Luka memar dapat diklasifikasikan sebagai luka memar superficial
(Superficial), Luka memar dalam (Deep), dan luka memar berbekas (Patterned/
imprint).
a. Luka memar superfisial
Luka memar superficial dapat terjadi secara segera, disebabkan oleh
akumulasi darah secara subkutan.
b. Luka memar dalam
Luka memar dalam menandakan adanya akumulasi pendarahan lebih
dalam dari lapisan kulit subkutan. Biasanya jenis luka ini memerlukan 1 sampai 2
hari untuk dapat terlihat di permukaan kulit.

c. Luka memar berbekas


Luka memar berbekas disebabkan oleh penekanan pada tubuh, biasanya
objek yang menekan tubuh meninggalkan bekas pada permukaan kulit.
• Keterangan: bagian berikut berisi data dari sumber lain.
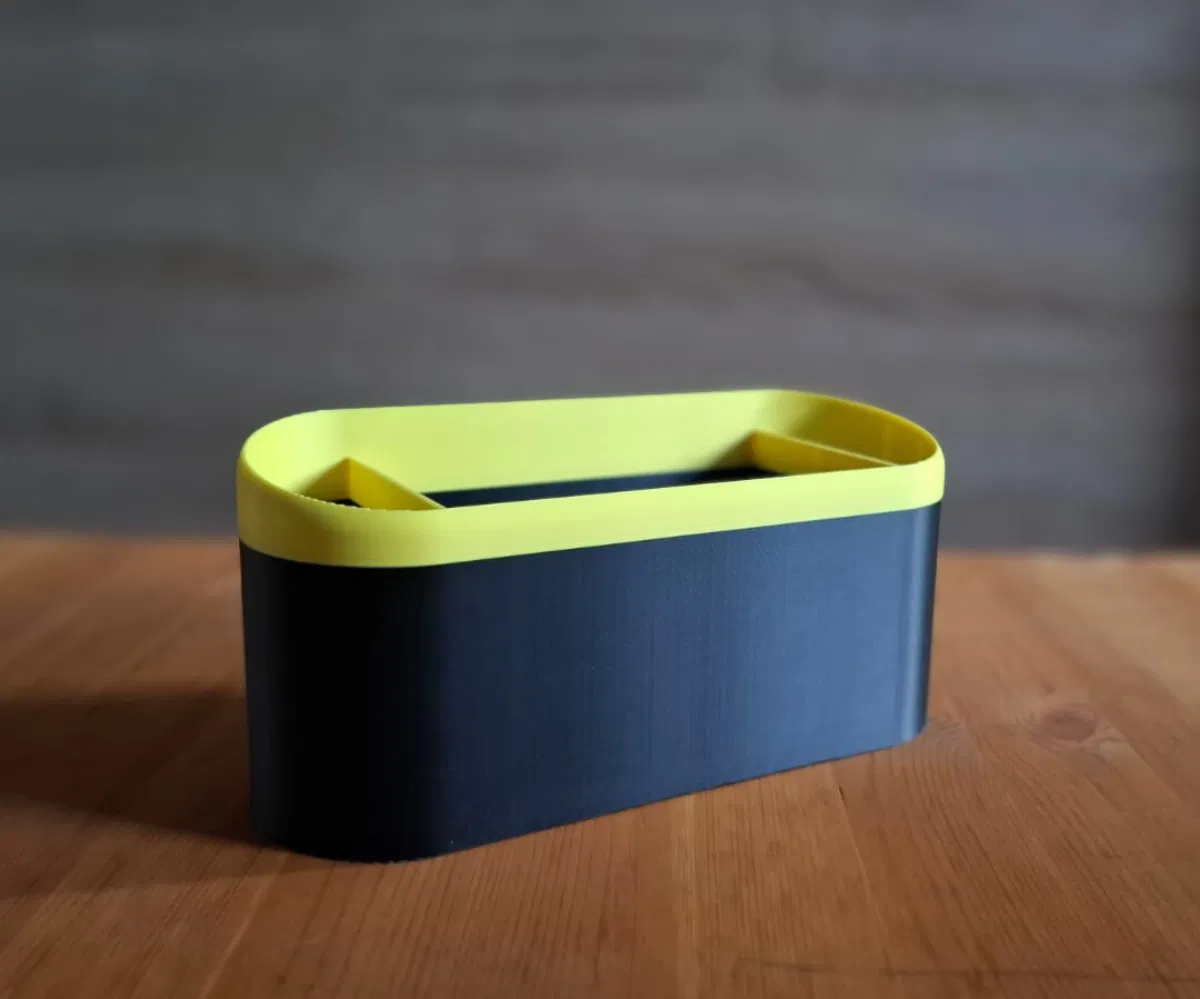 Một cái hộp đựng đồ văn phòng hình oval gọn gàng, có dạng hình chữ nhật bo tròn với không gian bên trong rộng rãi để đựng bút, bút lông, kéo, thước và các dụng cụ nhỏ. In không cần support, trông rất đẹp khi phối hai màu, và đặt vừa vặn trên mọi bàn làm việc hay bàn kỹ thuật.
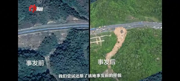 我们先来看一看,塌方前后的卫星图,能够明显看到塌方区域在塌方前跟周边地貌有区别,周边都是高大茂密的林木,而塌方区域在塌方前就是比较光秃的,没有较大和茂密的树木。树木的根对水土保持是固定作用的,为什么这一区域没有树木,说明他的地貌、地形或者土质跟周边是有区别的。我们再来看下一张图。
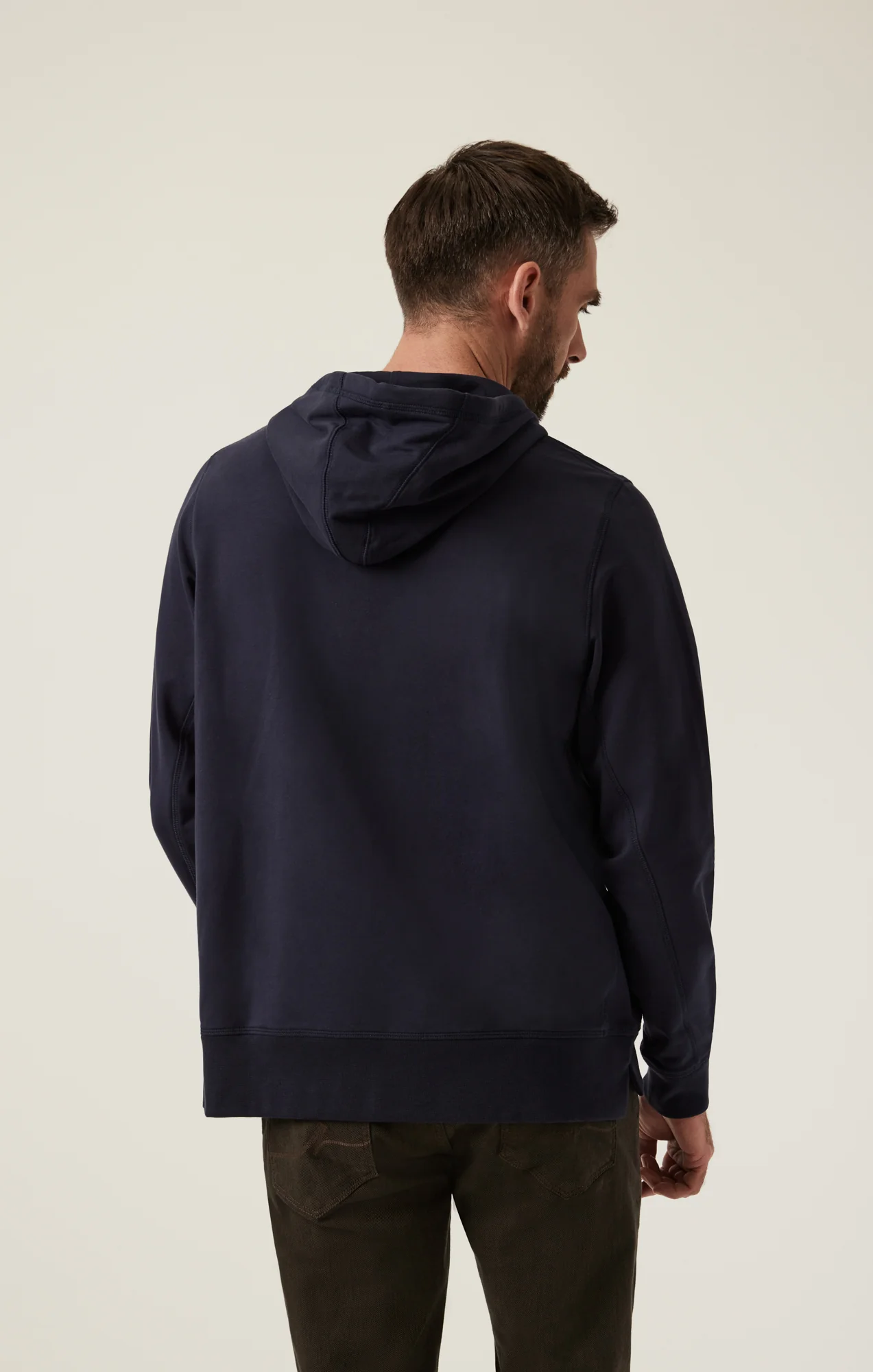 Finished in a classic navy hue, this hoodie is crafted in luxurious Pima cotton and spandex, giving it an ultra-soft feel with plenty of stretch. Subtle details like a relaxed collar and a large front pocket give this hooded sweatshirt a versatile, polished feel.

Pada
mayat waktu antara terjadinya luka memar, kematian dan pemeriksaan
menentukan juga karekteristik memar yang timbul. Semakin lama waktu antara
kematian dan pemeriksaan luka akan semakin membuat luka memar menjadi
gelap. Pemeriksaan mikroskopik adalah sarana yang dapat digunakan untuk
menentukan waktu terjadinya luka sebelum kematian. Namun sulit menentukan
secara pasti karena hal tersebut pun bergantung pada keahlian pemeriksa.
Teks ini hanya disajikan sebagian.